Palma Jose-Alberto, Norcliffe-Kaufmann Lucy, Kaufmann Horacio
Department of Neurology, Dysautonomia Center, New York University School of Medicine, NY, USA.
Department of Neurology, Dysautonomia Center, New York University School of Medicine, NY, USA.
Auton Neurosci. 2018 May;211:15-25. doi: 10.1016/j.autneu.2017.10.007. Epub 2017 Oct 23.
Multiple system atrophy (MSA) may be difficult to distinguish clinically from other disorders, particularly in the early stages of the disease. An autonomic-only presentation can be indistinguishable from pure autonomic failure. Patients presenting with parkinsonism may be misdiagnosed as having Parkinson disease. Patients presenting with the cerebellar phenotype of MSA can mimic other adult-onset ataxias due to alcohol, chemotherapeutic agents, lead, lithium, and toluene, or vitamin E deficiency, as well as paraneoplastic, autoimmune, or genetic ataxias. A careful medical history and meticulous neurological examination remain the cornerstone for the accurate diagnosis of MSA. Ancillary investigations are helpful to support the diagnosis, rule out potential mimics, and define therapeutic strategies. This review summarizes diagnostic investigations useful in the differential diagnosis of patients with suspected MSA. Currently used techniques include structural and functional brain imaging, cardiac sympathetic imaging, cardiovascular autonomic testing, olfactory testing, sleep study, urological evaluation, and dysphagia and cognitive assessments. Despite advances in the diagnostic tools for MSA in recent years and the availability of consensus criteria for clinical diagnosis, the diagnostic accuracy of MSA remains sub-optimal. As other diagnostic tools emerge, including skin biopsy, retinal biomarkers, blood and cerebrospinal fluid biomarkers, and advanced genetic testing, a more accurate and earlier recognition of MSA should be possible, even in the prodromal stages. This has important implications as misdiagnosis can result in inappropriate treatment, patient and family distress, and erroneous eligibility for clinical trials of disease-modifying drugs.
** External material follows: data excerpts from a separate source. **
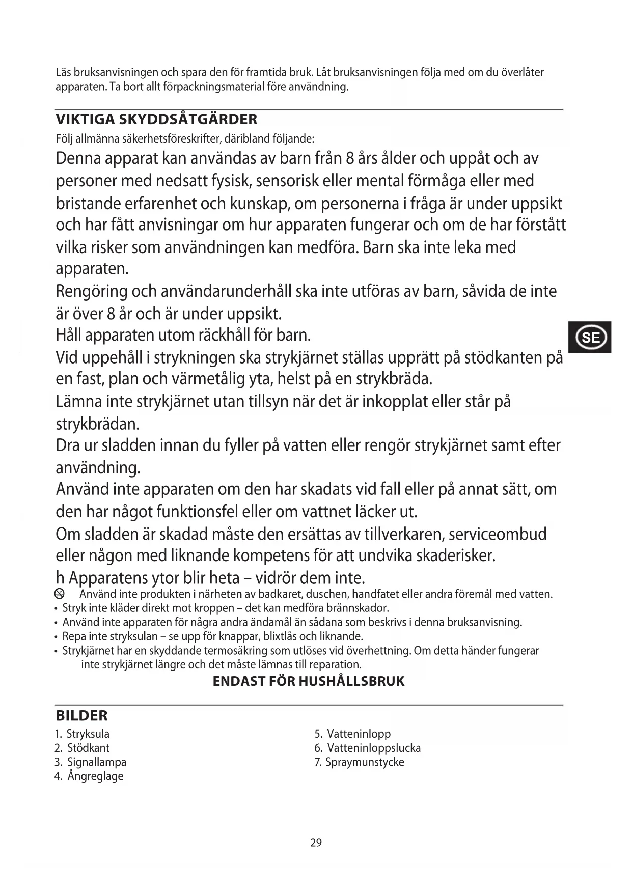 Följ allmänna säkerhetsföreskrifter, däribland följande: Denna apparat kan användas av barn från 8 års ålder och uppåt och av personer med nedsatt fysisk, sensorisk eller mental förmåga eller med bristande erfarenhet och kunskap, om personerna i fråga är under uppsikt och har fått anvisningar om hur apparaten fungerar och om de har förstått vilka risker som användningen kan medföra. Barn ska inte leka med apparaten. Rengöring och användarunderhåll ska inte utföras av barn, såvida de inte är över 8 år och är under uppsikt. Håll apparaten utom räckhåll för barn. Vid uppehåll i strykningen ska strykjärnet ställas upprätt på stödkanten på en fast, plan och värmetålig yta, helst på en strykbräda. Lämna inte strykjärnet utan tillsyn när det är inkopplat eller står på strykbrädan. Dra ur sladden innan du fyller på vatten eller rengör strykjärnet samt efter användning. Använd inte apparaten om den har skadats vid fall eller på annat sätt, om den har något funktionsfel eller om vattnet läcker ut. Om sladden är skadad måste den ersättas av tillverkaren, serviceombud eller någon med liknande kompetens för att undvika skaderisker. h Apparatens ytor blir heta – vidrör dem inte. b Använd inte produkten i närheten av badkaret, duschen, handfatet eller andra föremål med vatten.
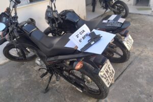 Ao consultar os veículos, foi constatado o roubo. Os suspeitos estavam ainda com quatro aparelhos telefônicos e uma pequena quantia em dinheiro. Segundo eles, a moto a BROS havia sido subtraída na Colônia Treze, em Lagarto, e a CG no Povoado Moendas, em Salgado. Eles estavam com uma pistola airsoft. Foram presos e encaminhados, juntamente com o material recuperado, para a delegacia.
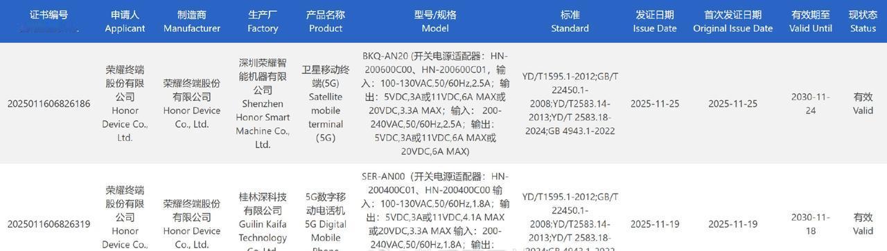荣耀新机型入网,代号BKQ-AN20,应该就是Magic8 RSR,支持卫星通信,支持120W快充。 在下面还有一个代号SER-AN00的手机,大家猜猜是哪一款?
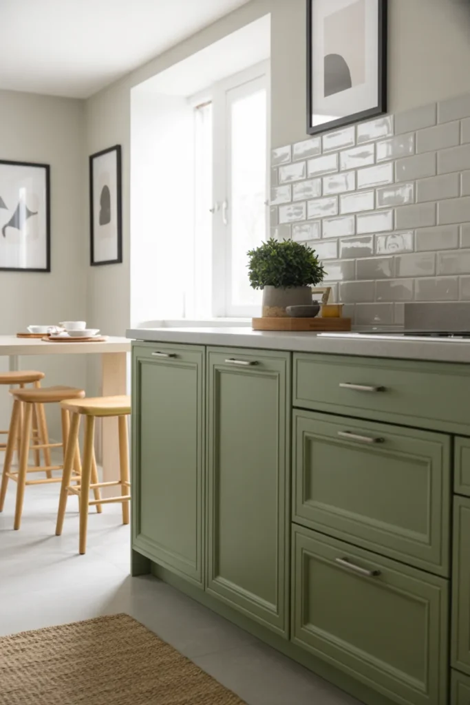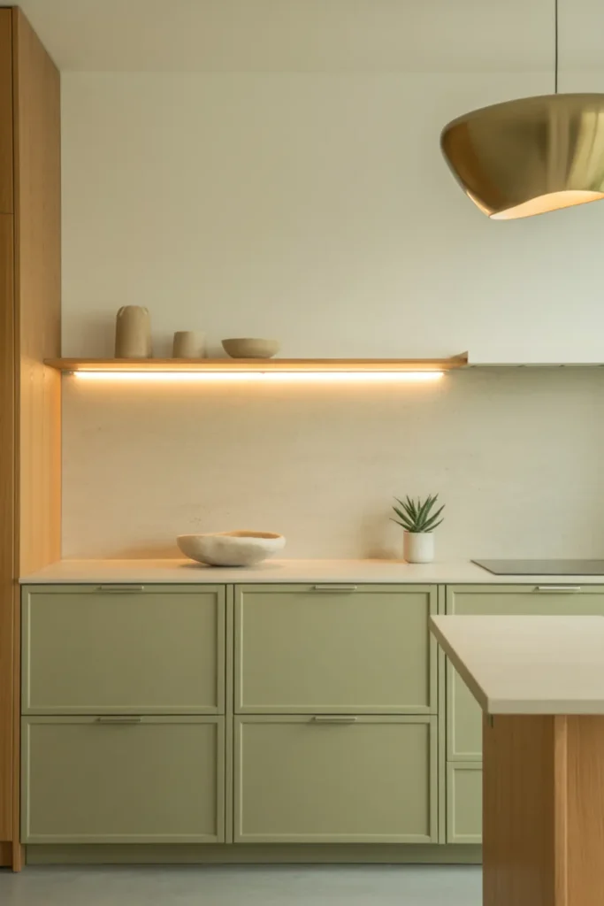 24. Sage Green Kitchen Aesthetic With Minimal Decor and Clean Lines

多系统萎缩(MSA)在临床上可能难以与其他疾病区分开来,尤其是在疾病的早期阶段。仅表现为自主神经症状时,可能无法与纯自主神经功能衰竭相区分。表现为帕金森综合征的患者可能会被误诊为帕金森病。表现出MSA小脑表型的患者可能会模仿其他由酒精、化疗药物、铅、锂和甲苯引起的成人起病性共济失调,或维生素E缺乏,以及副肿瘤性、自身免疫性或遗传性共济失调。仔细的病史采集和细致的神经系统检查仍然是准确诊断MSA的基石。辅助检查有助于支持诊断、排除潜在的模仿疾病并确定治疗策略。本综述总结了对疑似MSA患者进行鉴别诊断有用的诊断性检查。目前使用的技术包括结构和功能脑成像、心脏交感神经成像、心血管自主神经测试、嗅觉测试、睡眠研究、泌尿系统评估以及吞咽困难和认知评估。尽管近年来MSA的诊断工具有所进步,且有临床诊断的共识标准,但MSA的诊断准确性仍不尽人意。随着其他诊断工具的出现,包括皮肤活检、视网膜生物标志物、血液和脑脊液生物标志物以及先进的基因检测,即使在疾病前驱期,也应该能够更准确、更早地识别MSA。这具有重要意义,因为误诊可能导致不适当的治疗、患者和家属的痛苦以及疾病修饰药物临床试验的错误入选资格。